EXERCISE DIRECTIONS - Reproduce verbatim all of the data given below, but do not carry over the images.

DATASET EXCERPT -
= Beginning of Section =

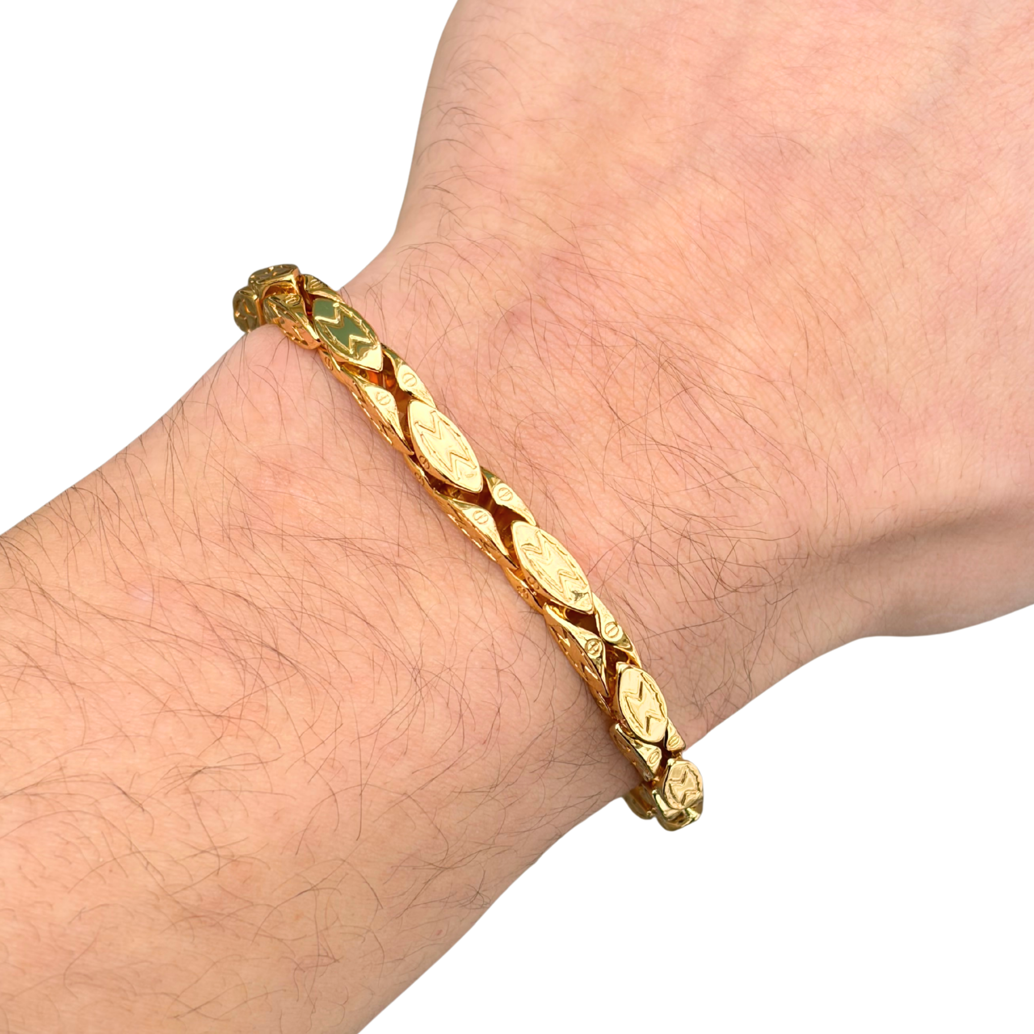 Bransoletka Magnacka Złota 5 mm to elegancki i stylowy dodatek o wyrafinowanym charakterze. Jej geometryczny splot tworzy regularną, pełną strukturę, która przyciąga uwagę subtelnym blaskiem i precyzją wykonania. Złote wykończenie nadaje jej prestiżu, a szerokość 5 mm sprawia, że idealnie balansuje między delikatnością a wyrazistością. To doskonały wybór dla osób, które cenią elegancję w klasycznym, ale nowoczesnym wydaniu – biżuteria, która podkreśla styl i pewność siebie każdego dnia.
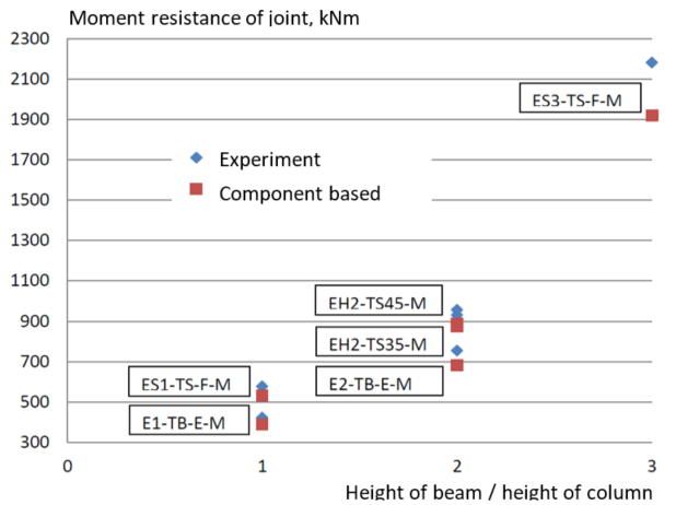 Fig.12.2.4 Validation of resistance of CBFEM on experiments from EQUALJOINTS project
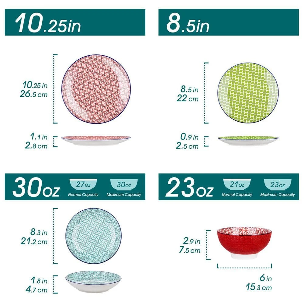 - 16-piece bowls and plates dinner set includes 4 x 10.25 in. dinner plates, 4 x 8.5 in. side plates, 4 x 8.3 in. / 30 oz. pasta bowls and 4 x 6 in. / 23 oz. bowls, the plates and bowls feel strong but not too thick, the tea cups can stay hot for a long time, either as an every day set or as a wedding gift or special present
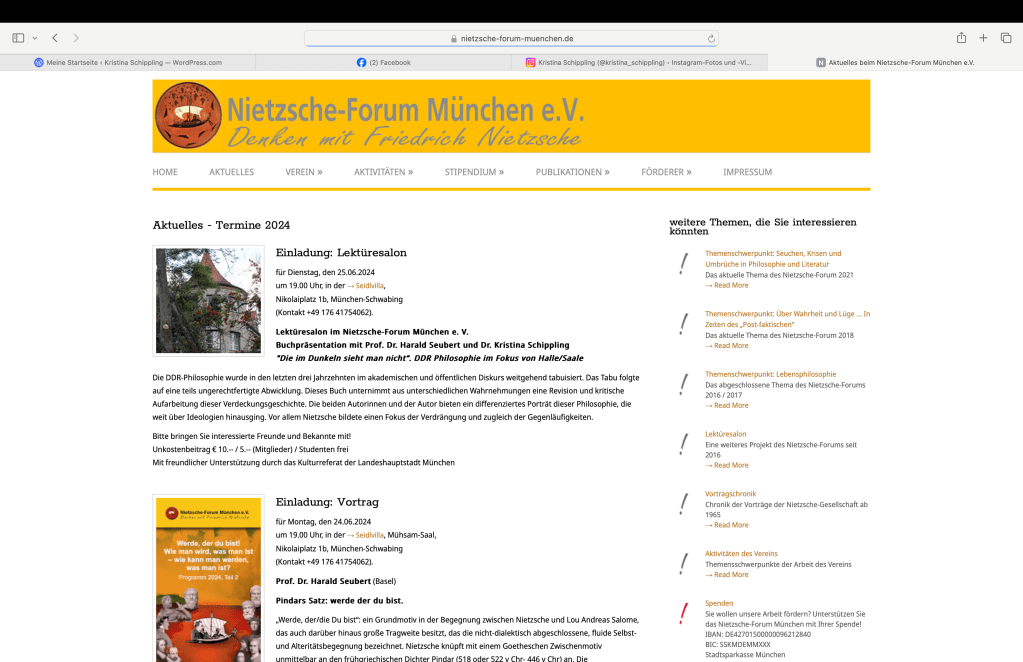 Die erste Lesung zu unserem Buch „Die im Dunkeln sieht man nicht – Die DDR-Philosophie im Fokus von Halle/Saale“, das ich gemeinsam mit meiner Mutter Dr. Ursula Schippling und dem Basler Philosophie Professor Harald Seubert gerade noch schreibe, findet im Nietzsche-Forum in München am Dienstag, den 25.06.2024 in der Seidlvilla um 19.00 Uhr statt. Ein ganz großes Dankeschön an Frau Dr. Wachendorff für die Einladung! Unkostenbeitrag: 10 €, 5 €, für Studenten frei.

= End of Section =

SOLVED PROBLEM -
 Bransoletka Magnacka Złota 5 mm to elegancki i stylowy dodatek o wyrafinowanym charakterze. Jej geometryczny splot tworzy regularną, pełną strukturę, która przyciąga uwagę subtelnym blaskiem i precyzją wykonania. Złote wykończenie nadaje jej prestiżu, a szerokość 5 mm sprawia, że idealnie balansuje między delikatnością a wyrazistością. To doskonały wybór dla osób, które cenią elegancję w klasycznym, ale nowoczesnym wydaniu – biżuteria, która podkreśla styl i pewność siebie każdego dnia.
 Fig.12.2.4 Validation of resistance of CBFEM on experiments from EQUALJOINTS project
 - 16-piece bowls and plates dinner set includes 4 x 10.25 in. dinner plates, 4 x 8.5 in. side plates, 4 x 8.3 in. / 30 oz. pasta bowls and 4 x 6 in. / 23 oz. bowls, the plates and bowls feel strong but not too thick, the tea cups can stay hot for a long time, either as an every day set or as a wedding gift or special present
 Die erste Lesung zu unserem Buch „Die im Dunkeln sieht man nicht – Die DDR-Philosophie im Fokus von Halle/Saale“, das ich gemeinsam mit meiner Mutter Dr. Ursula Schippling und dem Basler Philosophie Professor Harald Seubert gerade noch schreibe, findet im Nietzsche-Forum in München am Dienstag, den 25.06.2024 in der Seidlvilla um 19.00 Uhr statt. Ein ganz großes Dankeschön an Frau Dr. Wachendorff für die Einladung! Unkostenbeitrag: 10 €, 5 €, für Studenten frei.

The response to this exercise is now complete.